This is the natural way to model most sequential data.
We can think of the recurrent net as a layered, feed-forward net with shared weights and then train the feed-forward net with weight constraints.
We can also think of this training algorithm in the time domain:
The forward pass determines the slope of the linear function used for backpropagating through each neuron
RNNs have difficulty dealing with long-range dependencies.
LSTM uses a memory cell for modeling long-range dependencies and avoid vanishing gradient problems.
To preserve information for a long time in the activities of an RNN, we use a circuit that implements an analog memory cell.
The following code provides an example of how recurrent neural networks can be used to extrapolate to unknown values of physics data sets. Specifically, the data sets used in this program come from a quantum mechanical many-body calculation of energies as functions of the number of particles.
# For matrices and calculations
import numpy as np
# For machine learning (backend for keras)
import tensorflow as tf
# User-friendly machine learning library
# Front end for TensorFlow
import tensorflow.keras
# Different methods from Keras needed to create an RNN
# This is not necessary but it shortened function calls
# that need to be used in the code.
from tensorflow.keras import datasets, layers, models
from tensorflow.keras.layers import Input
from tensorflow.keras import regularizers
from tensorflow.keras.models import Model, Sequential
from tensorflow.keras.layers import Dense, SimpleRNN, LSTM, GRU
# For timing the code
from timeit import default_timer as timer
# For plotting
import matplotlib.pyplot as plt
# The data set
datatype='VaryDimension'
X_tot = np.arange(2, 42, 2)
y_tot = np.array([-0.03077640549, -0.08336233266, -0.1446729567, -0.2116753732, -0.2830637392, -0.3581341341, -0.436462435, -0.5177783846,
-0.6019067271, -0.6887363571, -0.7782028952, -0.8702784034, -0.9649652536, -1.062292565, -1.16231451,
-1.265109911, -1.370782966, -1.479465113, -1.591317992, -1.70653767])
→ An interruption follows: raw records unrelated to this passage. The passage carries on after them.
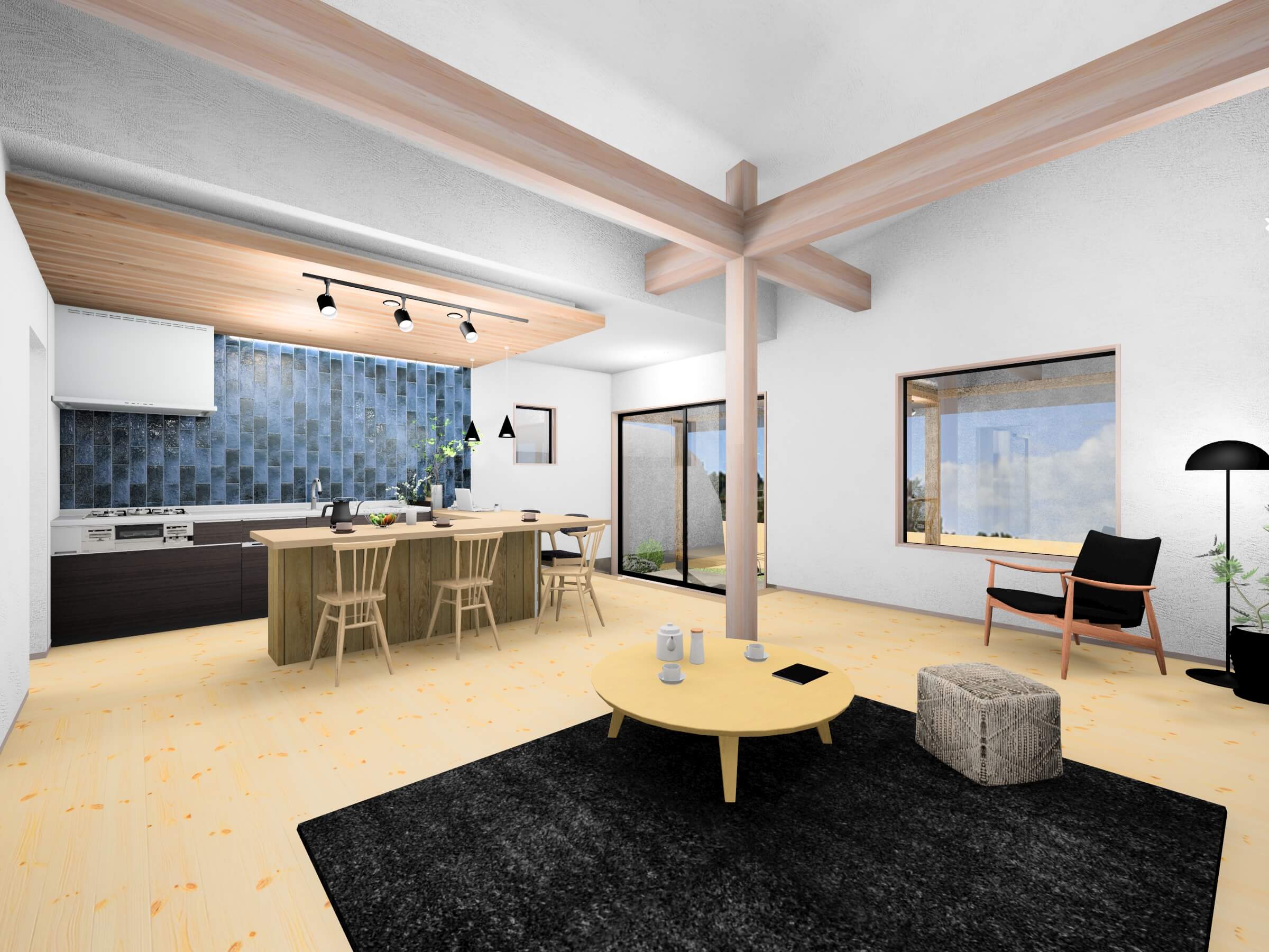 選木ツアーで選んだ柱や梁が、空間にほどよいアクセントを添えてくれます。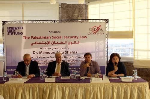 استمراراً لفلسفة بال ثينك للدراسات الاستراتيجية كمؤسسة تفاكر فلسطينية مستقلة تهتم بالشأن الفلسطيني داخلياً وخارجياً بشكل مهني مستقل دون أيدولوجية مسبقة ونظرا لأهمية موضوع قانون الضمان الاجتماعي والجدل القائم حوله في الآونة الأخيرة، نظمت بال ثينك للدراسات الاستراتيجية بالتعاون مع مؤسسة فريدريش ايبرت الألمانية ورشة عمل بعنوان “قانون الضمان الاجتماعي” وذلك ضمن مشروع "استعادة الانتباه الى القضية الفلسطينية"، بمشاركة د. مأمون أبو شهلا وزير العمل في حكومة الوفاق الوطني، و د. بيهان شينتورك مديرة مؤسسة فريدريش إيبرت الألمانية في الأراضي الفلسطينية، ود. أسامة عنتر مدير برامج المؤسسة في قطاع غزة، وبحضور مجموعة من الخبراء والنقابيين والحقوقيين وممثلين عن منظمات المجتمع المدني والمؤسسات الدولية والمحلية وبعض من الاعلاميين والاكاديميين من قطاع غزة.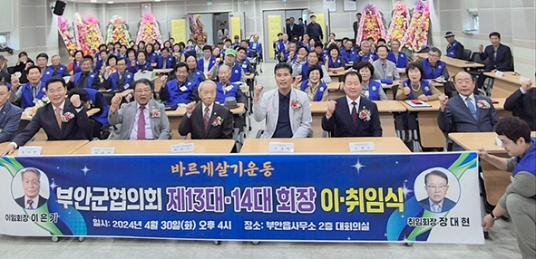 바르게살기운동 부안군협의회(회장 장대현)는 지난달 30일 부안읍 행정복지센터에서 제13·14대 회장 이·취임식을 개최하였다.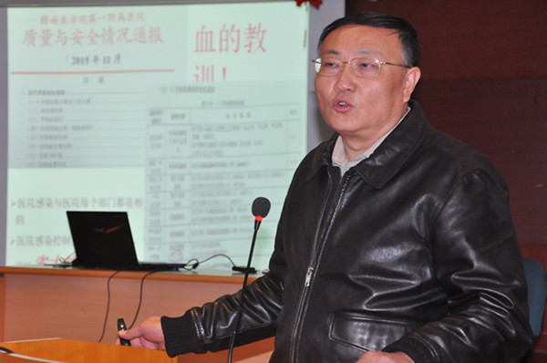 1月14日下午,六楼多功能厅内坐无虚席,会场鸦雀无声,只听到赣南医学院一附院副院长、主任医师、硕士研究生导师、博士后、江西省知名骨科专家高辉院长宏亮而带有风趣的声音为全体医务人员讲述一场《告诉你不一样的院感管理》知识讲座。他用浅显易懂的语言,结合自身丰富的学习阅历,利用图文并茂的PPT课件,全面系统的针对近年来国内外院感现状、处置流程及预防措施进行了详细讲解,深刻阐述了什么是医院感染,如何科学防控院感,并通过大量生动详实的案例分析,阐明了医院感染暴发的危害性及做好院感工作的重要性。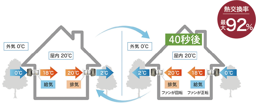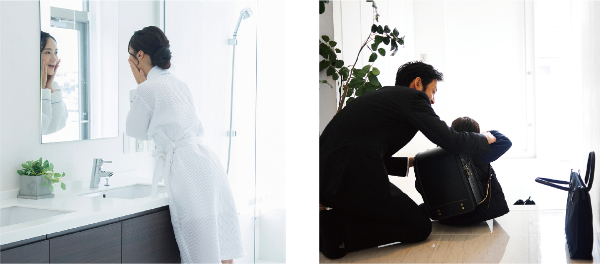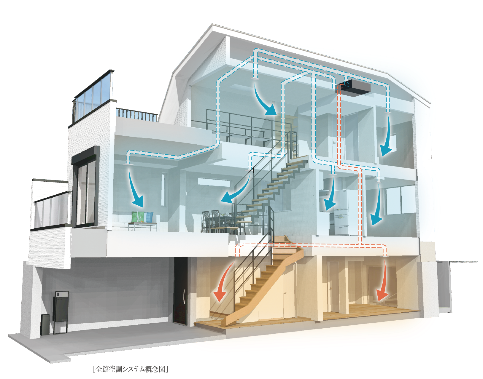 玄関ホールや洗面脱衣室にも冷暖房の空気を送ることで、建物内に温度ムラの少ない快適な環境をつくります。リビングとホールや洗面脱衣室など、場所の温度差を少なくすることで、ヒートショックや熱中症も防ぎ家族の健康を守ります。

The way the recurrent neural networks are trained in this program differs from how machine learning algorithms are usually trained. Typically a machine learning algorithm is trained by learning the relationship between the x data and the y data. In this program, the recurrent neural network will be trained to recognize the relationship in a sequence of y values. This is type of data formatting is typically used time series forcasting, but it can also be used in any extrapolation (time series forecasting is just a specific type of extrapolation along the time axis). This method of data formatting does not use the x data and assumes that the y data are evenly spaced.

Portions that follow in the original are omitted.